**Requirement**
In the records below, find the line with "Маникюрная по адресу", then copy each line exactly until you have copied the line with "- [CLEAR REFLECTION]: Bathroom". Leave any picture out.

**Exercise data**
───

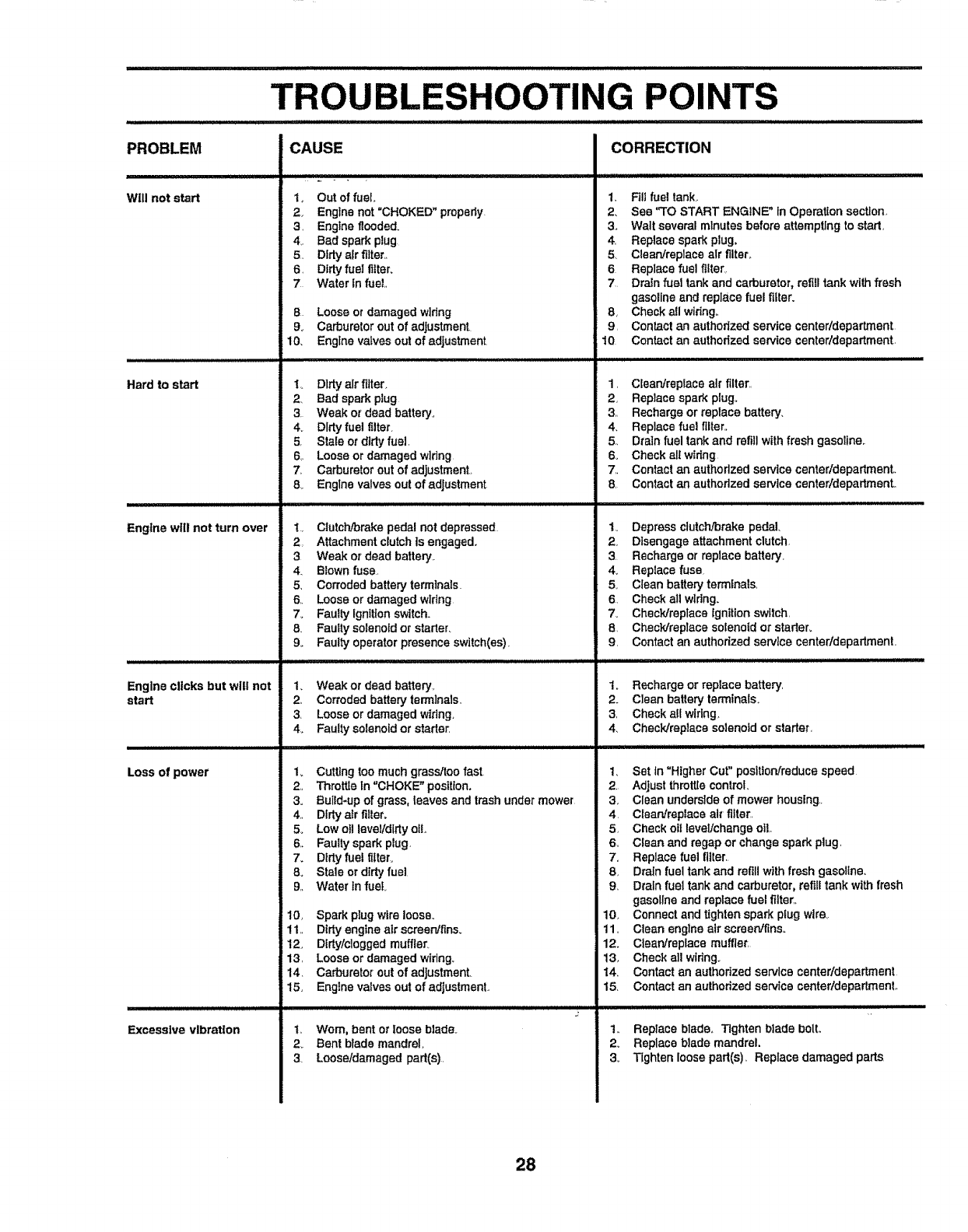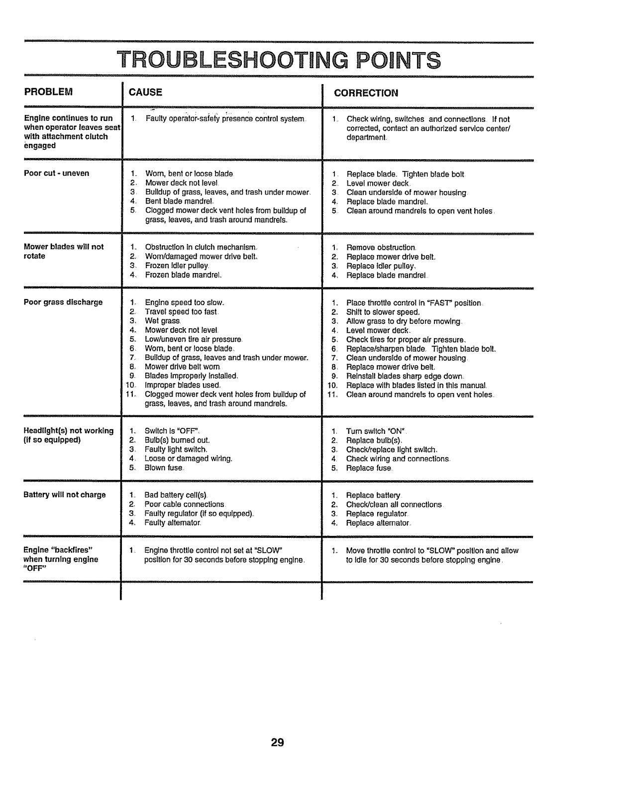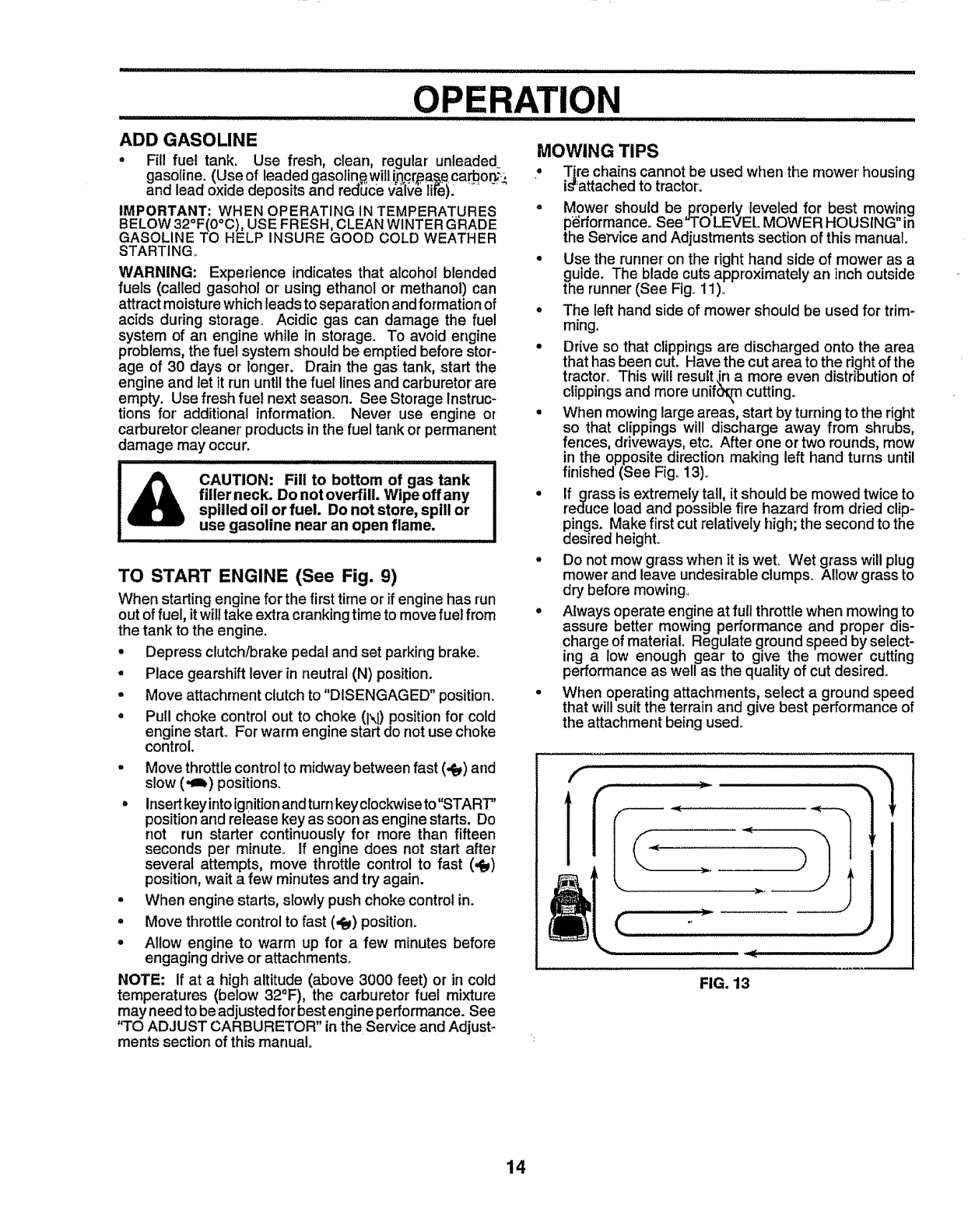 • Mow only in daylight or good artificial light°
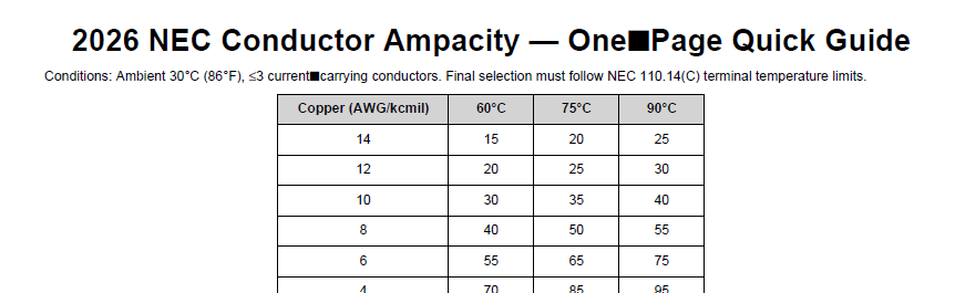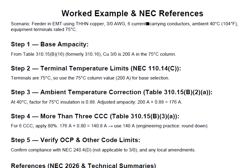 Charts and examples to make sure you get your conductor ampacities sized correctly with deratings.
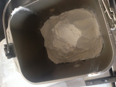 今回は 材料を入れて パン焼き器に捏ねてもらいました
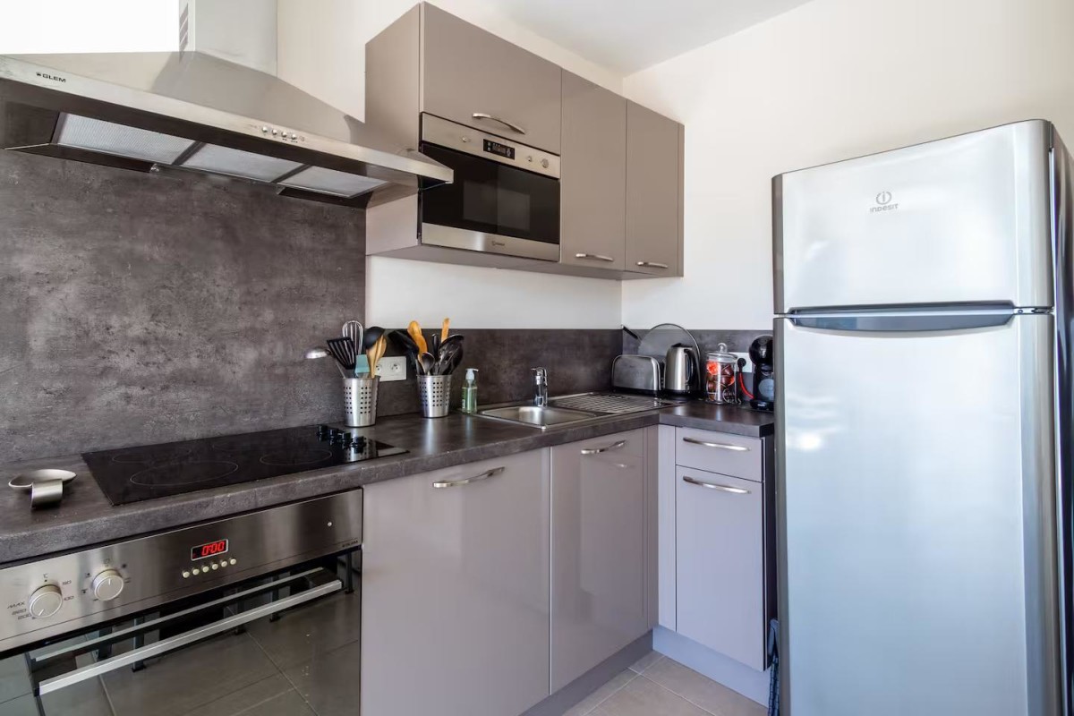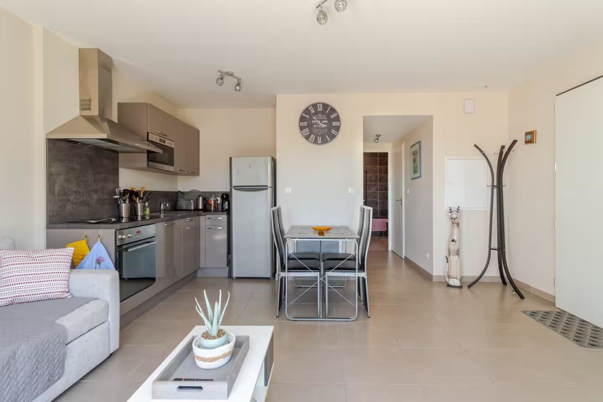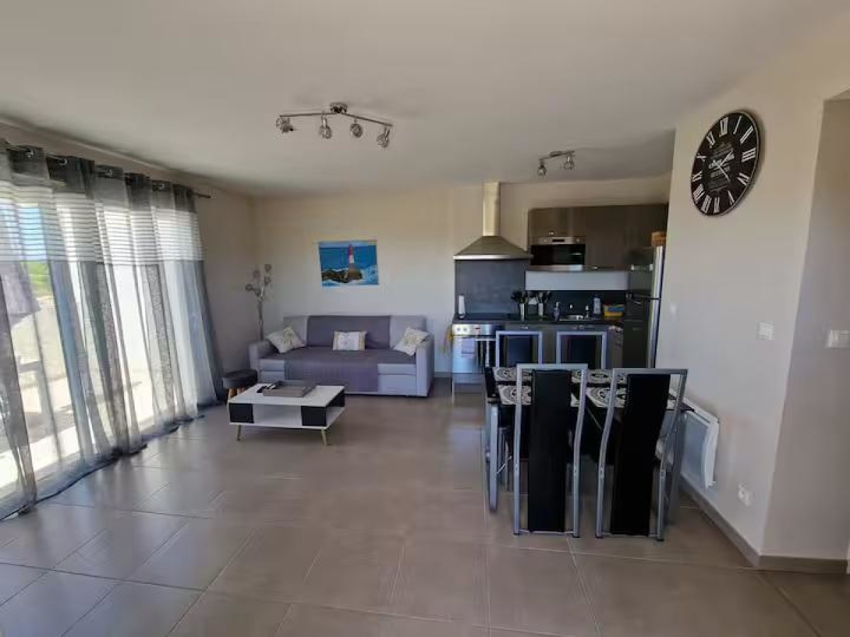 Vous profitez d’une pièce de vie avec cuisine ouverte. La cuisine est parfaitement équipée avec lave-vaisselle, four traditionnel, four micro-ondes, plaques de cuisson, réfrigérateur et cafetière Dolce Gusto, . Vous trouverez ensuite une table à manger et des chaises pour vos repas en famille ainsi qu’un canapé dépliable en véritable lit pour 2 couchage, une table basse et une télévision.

───

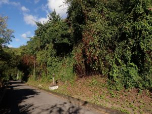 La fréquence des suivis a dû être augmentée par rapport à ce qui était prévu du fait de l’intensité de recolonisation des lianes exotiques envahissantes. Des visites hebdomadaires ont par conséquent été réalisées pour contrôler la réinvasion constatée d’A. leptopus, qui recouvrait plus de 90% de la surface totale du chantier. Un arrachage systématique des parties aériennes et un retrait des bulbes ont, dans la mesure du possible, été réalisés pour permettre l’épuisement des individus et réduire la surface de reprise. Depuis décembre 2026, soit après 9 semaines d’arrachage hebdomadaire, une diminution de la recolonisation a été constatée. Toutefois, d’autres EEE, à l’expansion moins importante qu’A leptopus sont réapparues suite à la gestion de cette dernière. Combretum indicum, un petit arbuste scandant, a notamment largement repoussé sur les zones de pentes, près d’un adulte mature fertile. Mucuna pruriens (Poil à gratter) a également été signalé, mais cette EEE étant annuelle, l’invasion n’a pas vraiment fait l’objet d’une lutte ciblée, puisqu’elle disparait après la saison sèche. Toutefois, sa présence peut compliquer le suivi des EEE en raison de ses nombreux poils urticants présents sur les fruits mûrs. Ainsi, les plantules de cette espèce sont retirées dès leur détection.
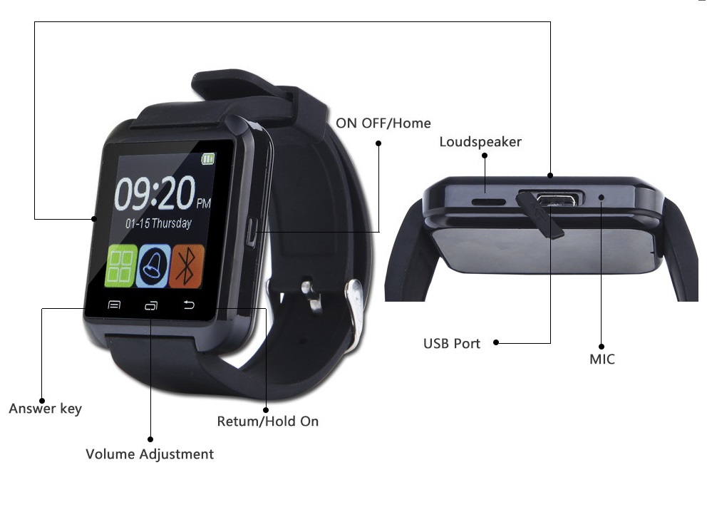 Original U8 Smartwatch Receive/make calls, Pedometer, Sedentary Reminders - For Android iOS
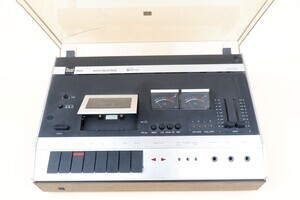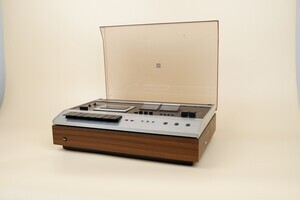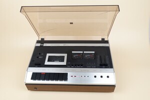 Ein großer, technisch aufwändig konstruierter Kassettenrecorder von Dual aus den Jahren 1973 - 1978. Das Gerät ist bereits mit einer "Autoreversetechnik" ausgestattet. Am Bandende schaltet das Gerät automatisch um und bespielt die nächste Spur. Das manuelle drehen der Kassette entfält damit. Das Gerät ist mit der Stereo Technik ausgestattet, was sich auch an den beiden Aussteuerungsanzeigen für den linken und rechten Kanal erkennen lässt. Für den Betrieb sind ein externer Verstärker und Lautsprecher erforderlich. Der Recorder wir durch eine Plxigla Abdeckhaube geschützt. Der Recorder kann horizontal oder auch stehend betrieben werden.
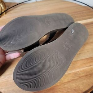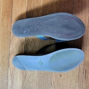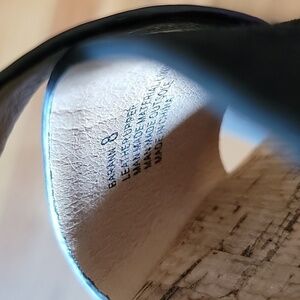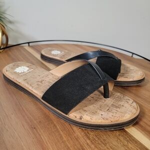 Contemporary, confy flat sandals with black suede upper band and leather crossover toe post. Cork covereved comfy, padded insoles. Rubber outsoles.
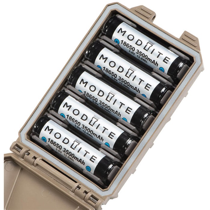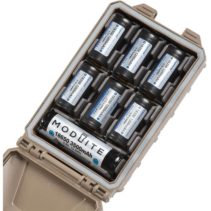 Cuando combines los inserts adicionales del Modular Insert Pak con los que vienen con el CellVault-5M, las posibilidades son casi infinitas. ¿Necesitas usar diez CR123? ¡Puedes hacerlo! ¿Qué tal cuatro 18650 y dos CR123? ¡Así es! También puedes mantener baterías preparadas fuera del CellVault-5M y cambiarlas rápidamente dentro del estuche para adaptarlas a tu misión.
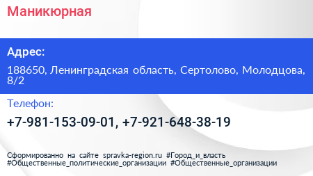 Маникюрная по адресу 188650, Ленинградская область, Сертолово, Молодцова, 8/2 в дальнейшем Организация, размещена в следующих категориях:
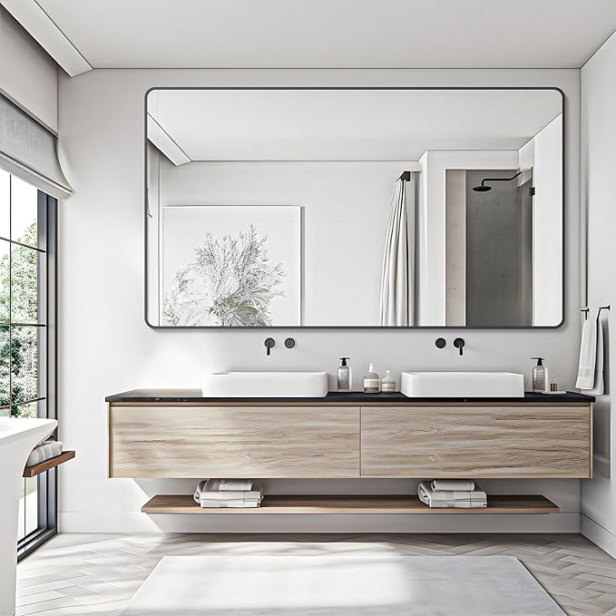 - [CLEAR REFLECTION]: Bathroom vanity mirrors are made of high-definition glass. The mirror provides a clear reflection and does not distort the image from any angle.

───

**Response below**
 Маникюрная по адресу 188650, Ленинградская область, Сертолово, Молодцова, 8/2 в дальнейшем Организация, размещена в следующих категориях:
 - [CLEAR REFLECTION]: Bathroom vanity mirrors are made of high-definition glass. The mirror provides a clear reflection and does not distort the image from any angle.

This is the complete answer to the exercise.